Le attività non sono racchiuse tutte entro le mura del San Gallicano. L’Istituto opera, mediante progetti, anche in Africa, in India, in Cambogia, in Brasile, spesso cooperando con istituti religiosi. L’esperienza più significativa è quella africana. Ce ne parla un medico, Luigi Toma, anche lui dipendente del dipartimento di Medicina preventiva delle migrazioni al San Gallicano. È appena tornato dal Tigray, in Etiopia. Insieme ad altri colleghi presta servizio nel piccolo ospedale nel villaggio di Quihà, a Macallè, dove si curano malattie infettive gravi, e in un ambulatorio a Garbò, un piccolo villaggio a sud. Il dottor Toma è un fiume in piena quando descrive la sua esperienza in quel pezzo di Corno d’Africa. Dove l’acqua è un bene tanto prezioso che le donne percorrono anche dieci chilometri al giorno per una giara piena. Dove un decennio di guerra tra Etiopia ed Eritrea, oltre ai morti, ha lasciato bambini malati di Aids, figli – illegittimi – dei soldati. Ci spiega che la gente è restia a trattare con i medici: non ha la consapevolezza di averne bisogno, se non quando c’è il rischio di perdere la vita. Occorre conquistarsi la loro fiducia tutti i giorni e per farlo occorre “prenderla alla lontana”. Offrendo cibo, istruzione, acqua, energia elettrica. In una parola: risposte ai bisogni. Per questo è stato fondamentale l’incontro con Franca e Carlo Travaglino, fondatori dell’Hewo (Hansenians’ Ethiopian and Eritrean Welfare Organization), un’associazione cattolica di volontariato, nata nei primi anni Settanta come comunità operativa a favore dei malati di lebbra. I coniugi Travaglino sono un po’ in là con gli anni ma ancora attivi: il dottor Toma ce li presenta con orgoglio. In trent’anni, oltre a offrire assistenza ai malati, hanno realizzato scuole, corsi di falegnameria, di ceramica, di cucito, campi agricoli. All’ospedale di Macallè, ad esempio, hanno organizzato un corso di alfabetizzazione per i pazienti ricoverati. Mentre nell’ambulatorio di Garbò è attiva una scuola materna ed elementare con servizio di mensa. Accanto all’ambulatorio, c’è un campo agricolo fornito di pozzo, pompa, centralina elettrica che serve, in parte, a soddisfare il fabbisogno dei bambini e del personale. La formula è quella dell’autosostentamento: dipendere il meno possibile dai fondi per la cooperazione. E agire a livello locale unendo le forze.
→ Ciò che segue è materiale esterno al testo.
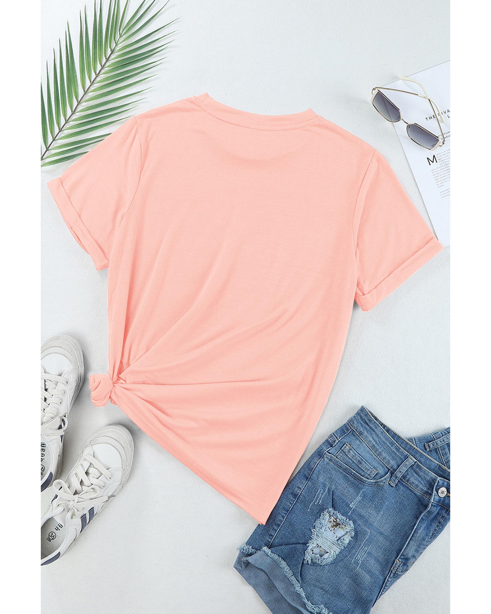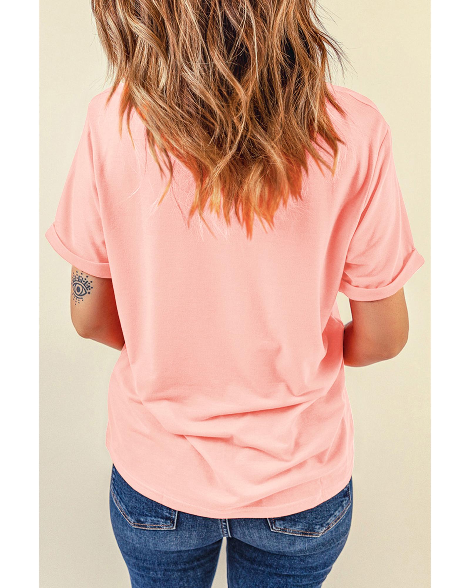 - Pink Bow Knots Print Slim Fit Crew Neck T
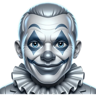 Silver clown, black background, high contrast, mostly monochrome, minimalist futuristic design, metallic texture, smooth surface, smooth texture with soft neon hues, smooth, futuristic, minimalist emoji

Quando chiediamo a Morrone di spiegarci il perché di tutto questo, perché spingersi tanto lontano, ci risponde: «Tutti sentiamo la necessità di chiederci il perché. Perché il dolore, perché la sofferenza?». Ed è per trovare una risposta che questo gruppo di ottanta amici, tra medici, operatori sanitari, mediatori provenienti da varie parti del mondo e di diversa religione (ci sono musulmani, animisti, buddisti), periodicamente si incontra, a Roma, presso il monastero dei Santi Quattro Coronati, accolto dalle suore agostiniane. Un incontro di riflessione, di confronto.
«Negli anni Settanta, quando abbiamo cominciato, era opinione comune che chi si occupasse di sociale fosse un cattolico-comunista» conclude Morrone. «Noi, invece, eravamo convinti che condividere la sofferenza con i poveri significasse mettersi in ascolto della Parola di Dio. Una Parola che tante volte avevamo ascoltato e letto in Chiesa». Forse è per questo che non ama il termine solidarietà, “troppo efficientista”. Preferisce compassione, dal latino cum patire, condividere la sofferenza.